I work in Indonesia at the moment, but about to move to Quatar.

We use Skype for most of our international calls.

1.- Skype-to-Skype (computer-to-computer) calls are free and if you have enough bandwidth on both ends, you can do video calls too.

2.- Skype-to-phone service costs money and Skype needs a credic card number on file, from which it draws an equivalent of 10 Euro or 10 USD dependingon you account setup, whenever the balance dips below 2 Dollars or Euro. Assuming you have a credit card, use this because the rates are ridiculously cheap ($0.02-0.05/minute for most landlines anywhere in the world, $0.18/minute to call most mobile phones anywhere in the world).
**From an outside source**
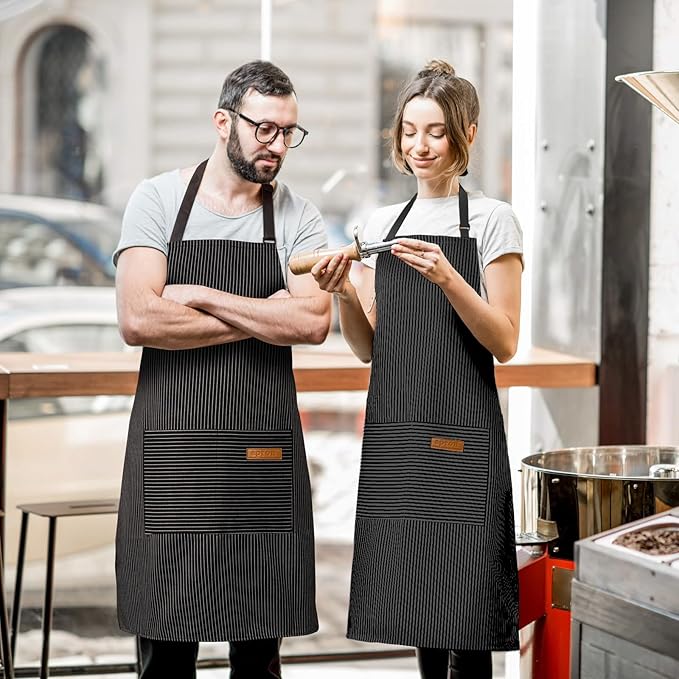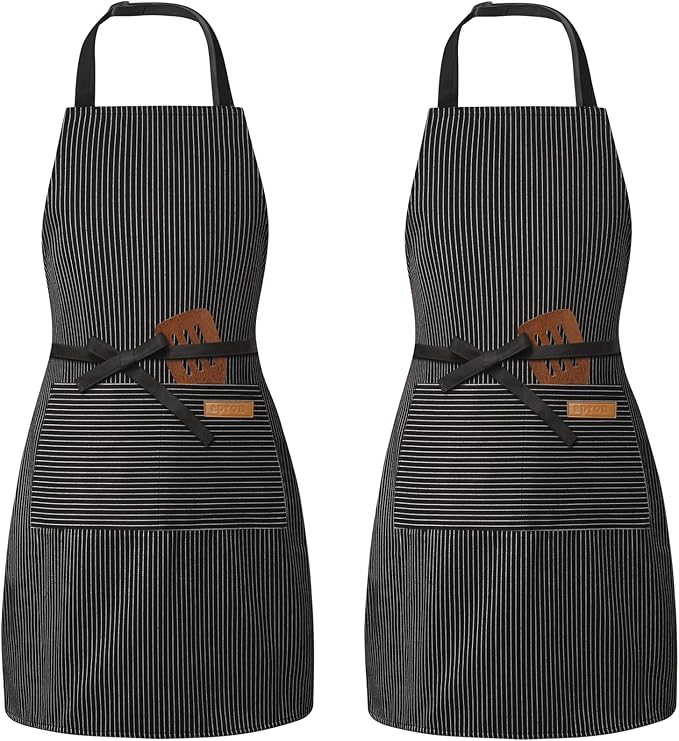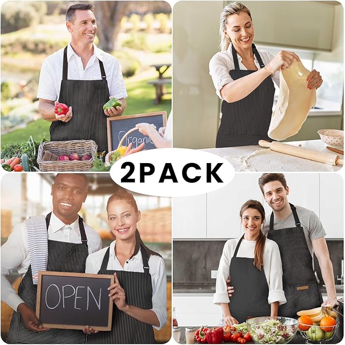 2 Pack Adjustable Bib Apron with 2 Pockets Chef Cooking Kitchen Restaurant Aprons for Women Men

3.- Phone-to-Skype is another cool feature. You buy a land-based number from Skype say in Germany or in the U.S., and your family/friends back home can call that number to reach you without making international calls. The call gets routed through the Skype network to your PC and, if you are logged in, it rings. Your account gets charged the Skype-in rate (cheap, same as Skype-to-phone). Better yet, you can set up forwarding to a phone number. If you don't answer Skype, the call gets forwarded to any number in the world, which can be your Quatar mobile. Your account is charged the Skype-out rate (cheap) and you completely avoid dealing with the local long distance phone company.